Brooklyn's Judicial Loyalty Oath

Selection Procedures Questioned as Scandal Widens

"Judges may now be more inclined than ever to decide cases or make patronage appointments in ways that please party officials," the newspaper stated on September 23 of that year. A month later, on October 31, the paper repeated its blast at Friedman, then still more than two years away from his indictment on corruption charges.

"Since political leaders choose the candidates for apathetic voters to ratify at election time, only party loyalists have a chance to get on the bench. But once there, supporters of the system have long argued, staying there requires only decent performance, not continuing kowtowing to the pols. No more," the Times' editorialists wrote.

Some Brooklyn officials have already quietly raised their voices in objection to the party's disavowal of Lopez Torres. City Councilman David Yassky and State Assemblyman James Brennan have spoken out, and some 20 elected officials have endorsed her for re-election.

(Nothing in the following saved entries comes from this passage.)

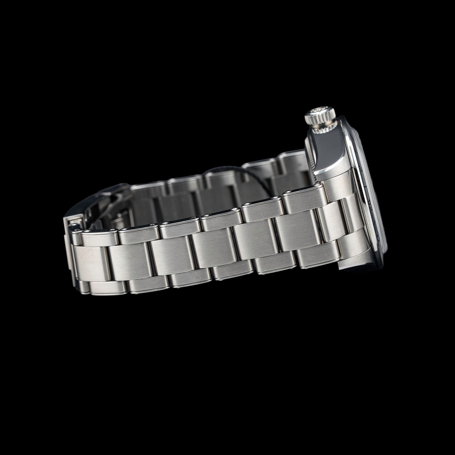 This watch features a 39mm steel case on steel bracelet. This watch also sports a opaline dial. Powered by a self-winding mechanical movement. Water resistance up to 200 meters.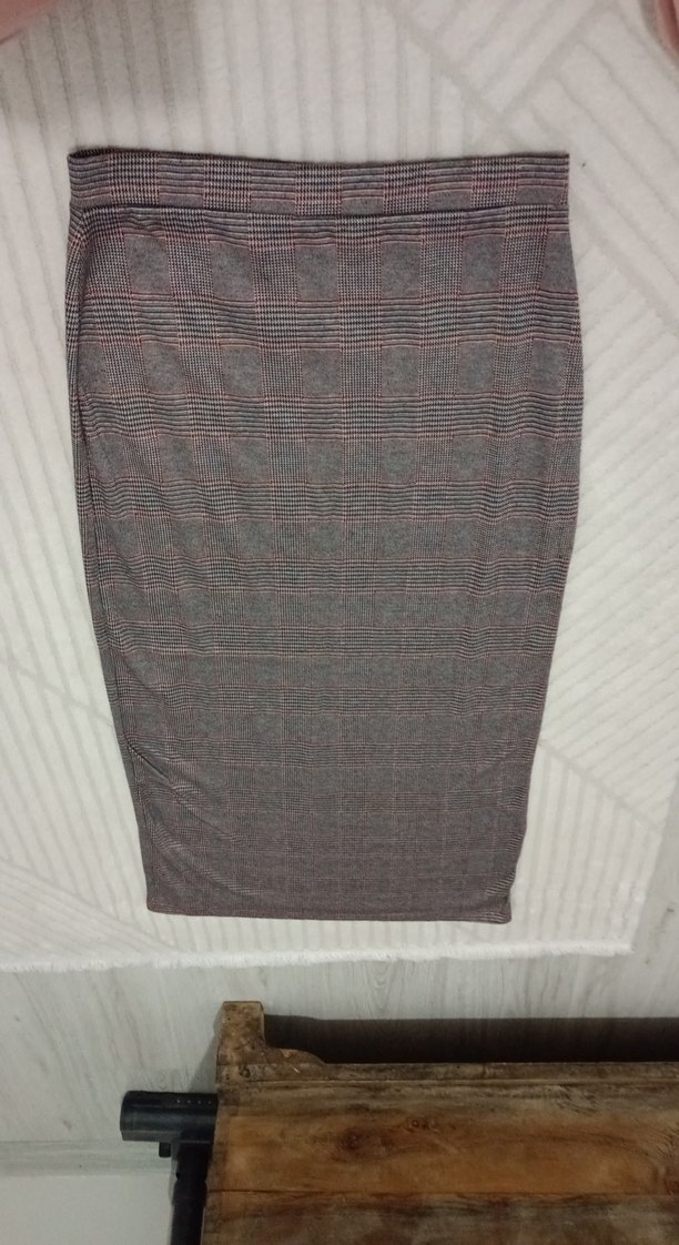 Gri renkte, pilili ve regular fit kalem etek. Sentetik kumaştan üretilmiş, rahat ve uzun boy. Ofis ve günlük kullanıma uygun sokak stili.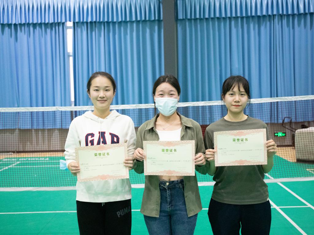 (冠军胡金燕、亚军彭景怡、季军黄嘉敏合影留念)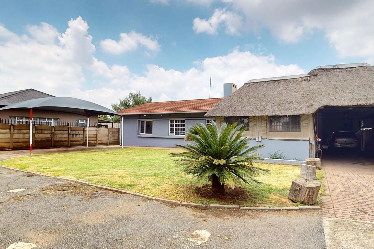 Relaxed suburban family living in Comet, Boksburg — close to schools and shops, large fenced yard with thatched lapa and built-in braai. Four bedrooms, 1.5 baths, undercover parking.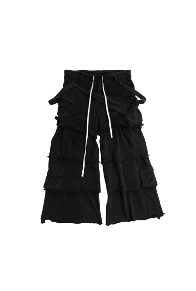 Layered Cotton Track Pants – Acid Wash Black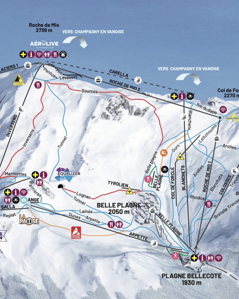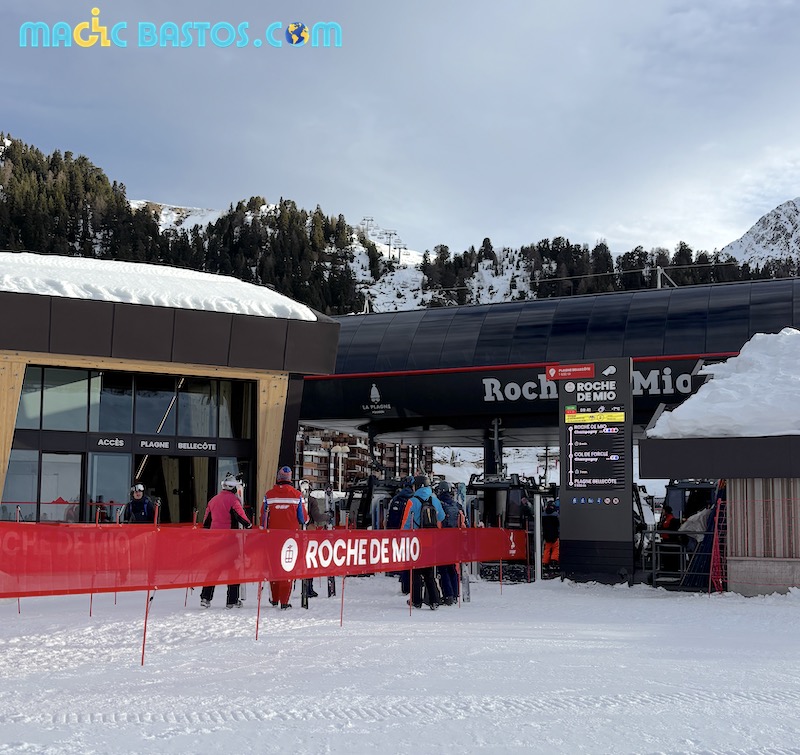 La nouvelle télécabine de la société française POMA relie le Front de Neige de Plagne Bellecôte (1 930 m) au sommet de Roche de Mio (2 740 m), avec une gare intermédiaire au Col de Forcle (2 270 m).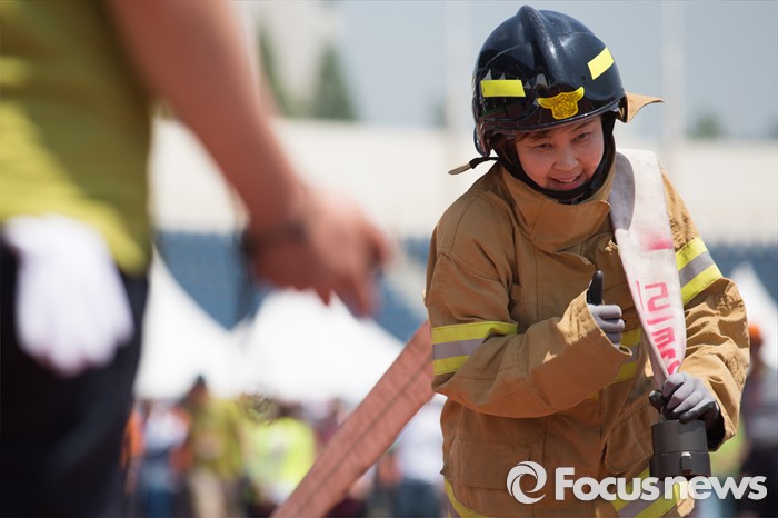 (서울=포커스뉴스) 17일 오전 서울 양천구 목동운동장에서 열린 2016 의용소방대 종합소방기술경연대회에서 참가자들이 소방호스 끌기 경기를 하고 있다.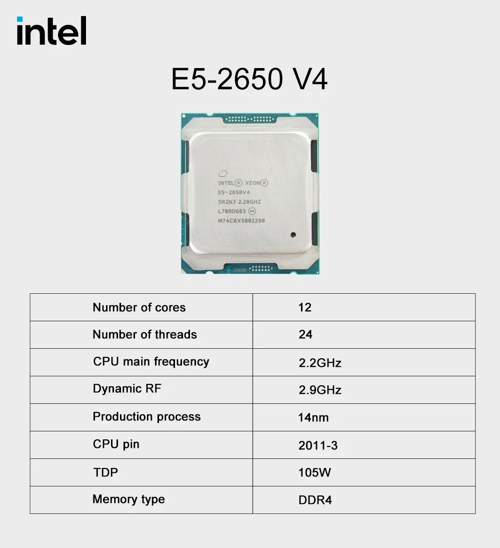 وحدة المعالجة: سلسلة المعالج: إنتل زيون رقم الموديل: E5 2650 V4 سرعة المعالج: 2.2 جيجا هرتز الحد الأقصى للتردد الأساسي: 2.9 جيجا هرتز مقبس...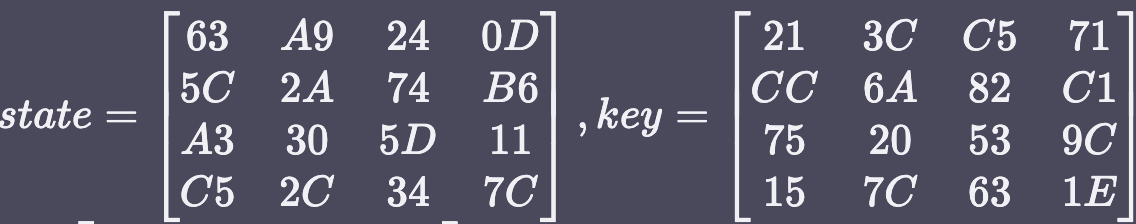AddRoundKey는 state에 생성된 Round key(키생성함수에서 생성한 키)를 XOR하는 함수이다.
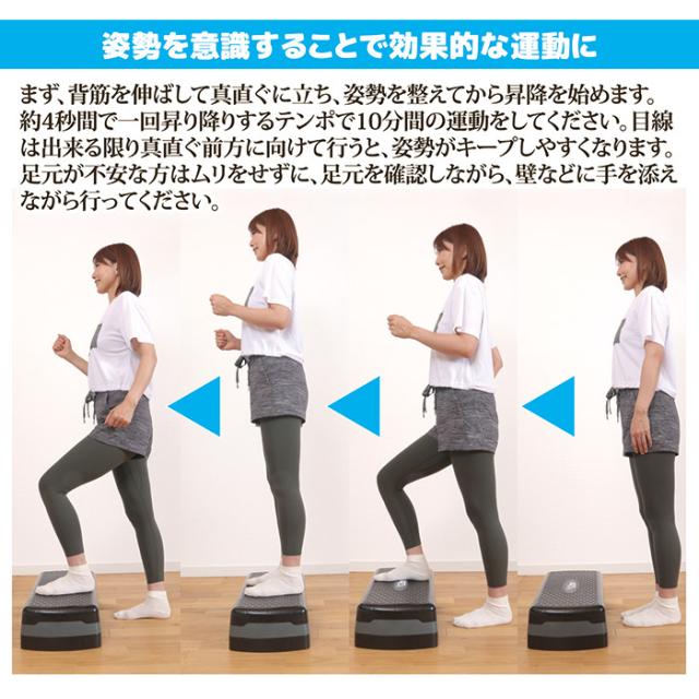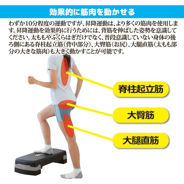 わずか10分程度の運動ですが、昇降運動は、より多くの筋肉を使用します。昇降運動を効果的に行うためには、背筋を伸ばした姿勢を意識してください。太ももやふくらはぎだけではなく、普段意識していない身体の後ろ側にある脊柱起立筋(背中部分)、大臀筋(お尻)、大腿直筋(太もも部分の大きな筋肉)も大きく動かすことが可能です。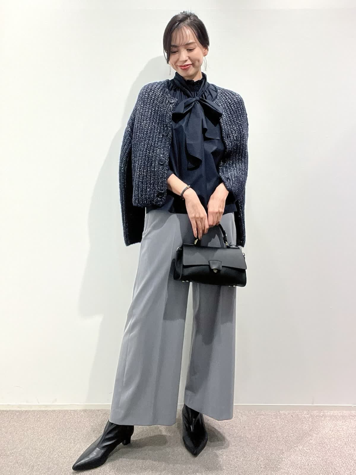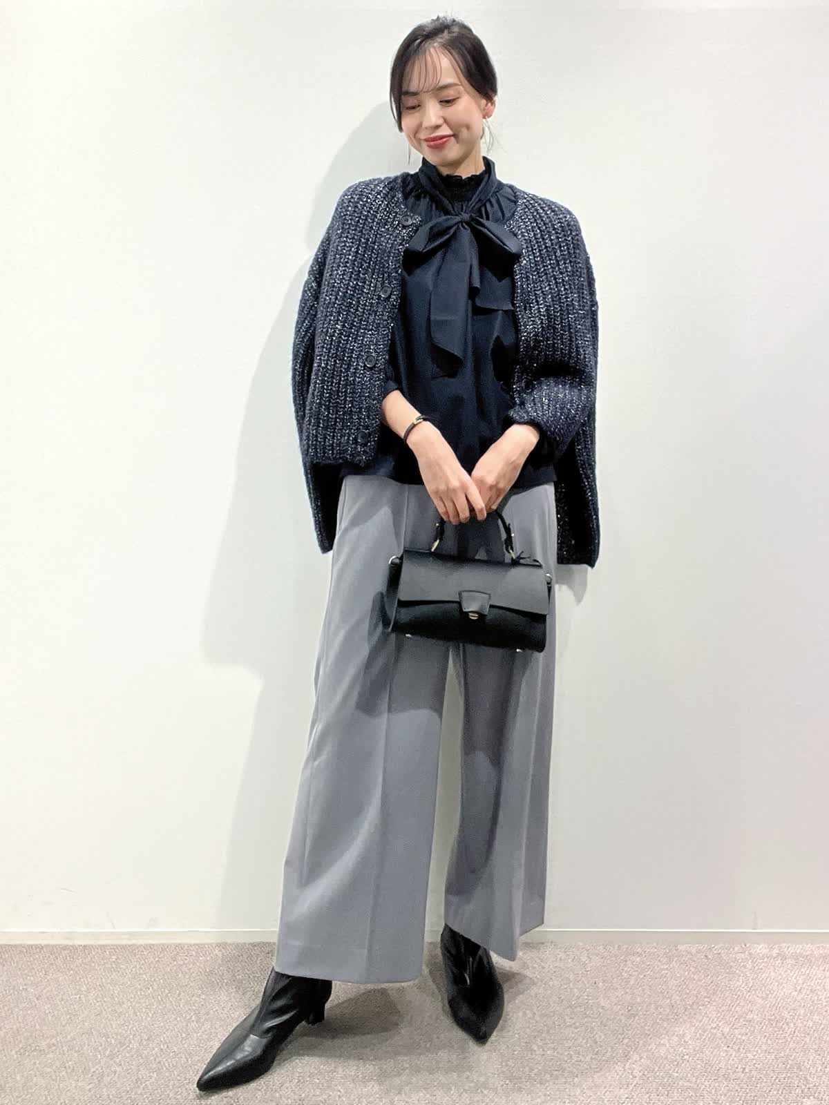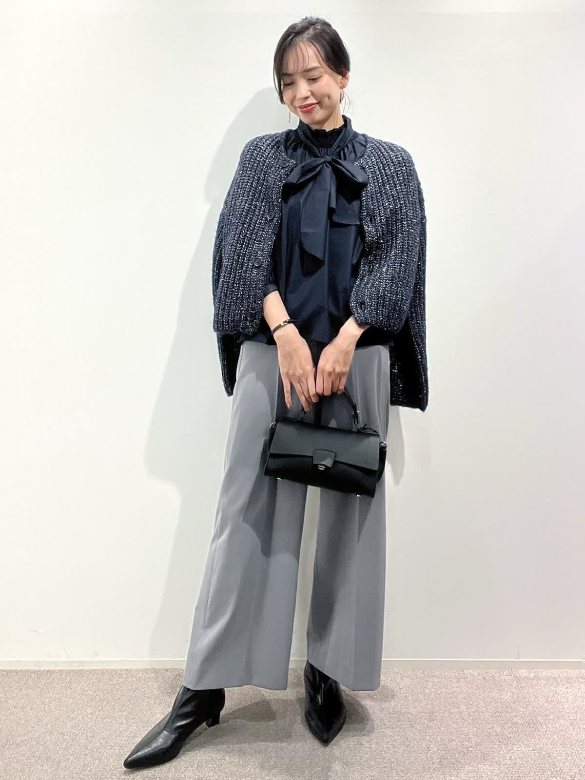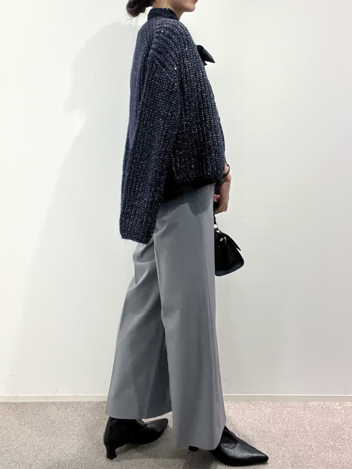 【着用サイズ】カーディガン:9号 ブラウス:9号 パンツ:9号 【着用カラー】カーディガン:ネイビー ブラウス:ネイビー パンツ:ミディアムグレー バッグ:ブラック 「クラシカルエレガントコーデ」 ラメニットカーディガンとボウタイブラウスの上品コンビの組み合わせで、華やかさが際立つクラシカルスタイル。 カーディガンは、ざっくりとした編み地で華やかなグリッターやラメ糸がポイント。柔らかい素材感で軽く羽織れるデザインなので、季節の変わり目にも大活躍。ネイビー×グレーの配色で、お仕事や綺麗めにも映えるおすすめスタイルです。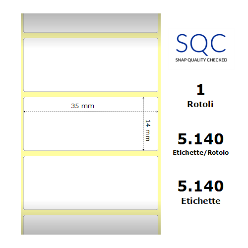 Etichette SQC a bobina. 1 bobina per confezione. 5140 etichette per bobina. Etichette in carta con adesivo permanente. Diametro interno: 25 mm. Diametro esterno: 127 mm.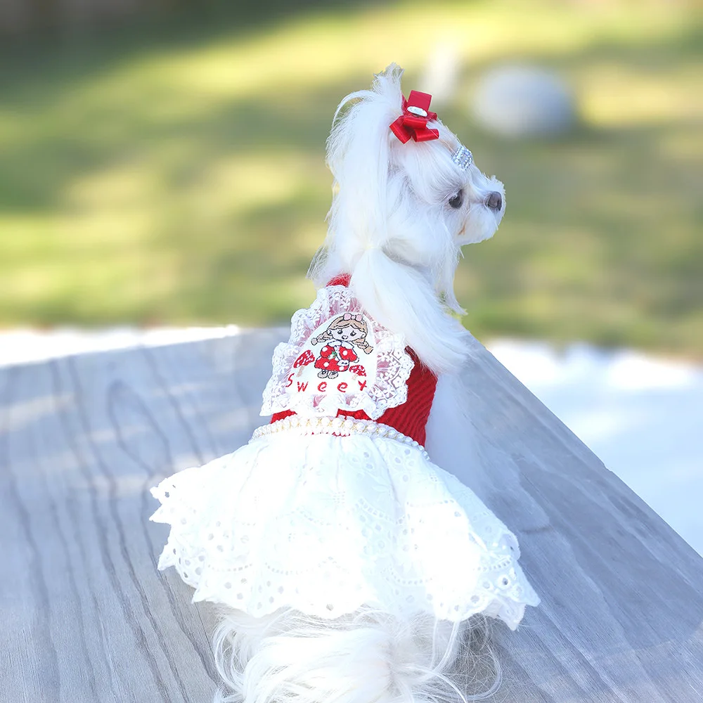 Vestidos lolita para perros pequeños, vestido de princesa de encaje para perros, vestido de boda para mascotas, ropa Formal para fiesta de cumpleaños para cachorros, vestido de invierno para perros

One of them, District Leader Elizabeth Rose Daly, from downtown Brooklyn, has also called on Norman to allow the way judges are currently selected to be discussed.

"Confidence in the judiciary is one of the underpinnings of our democratic system of government and right now, public trust in the Brooklyn judicial selection system has been seriously eroded," wrote Daly in a February 26 letter to Norman. "We must objectively examine our practices, or suffer the consequences of others doing so without our participation, because they see us as running a sham operation."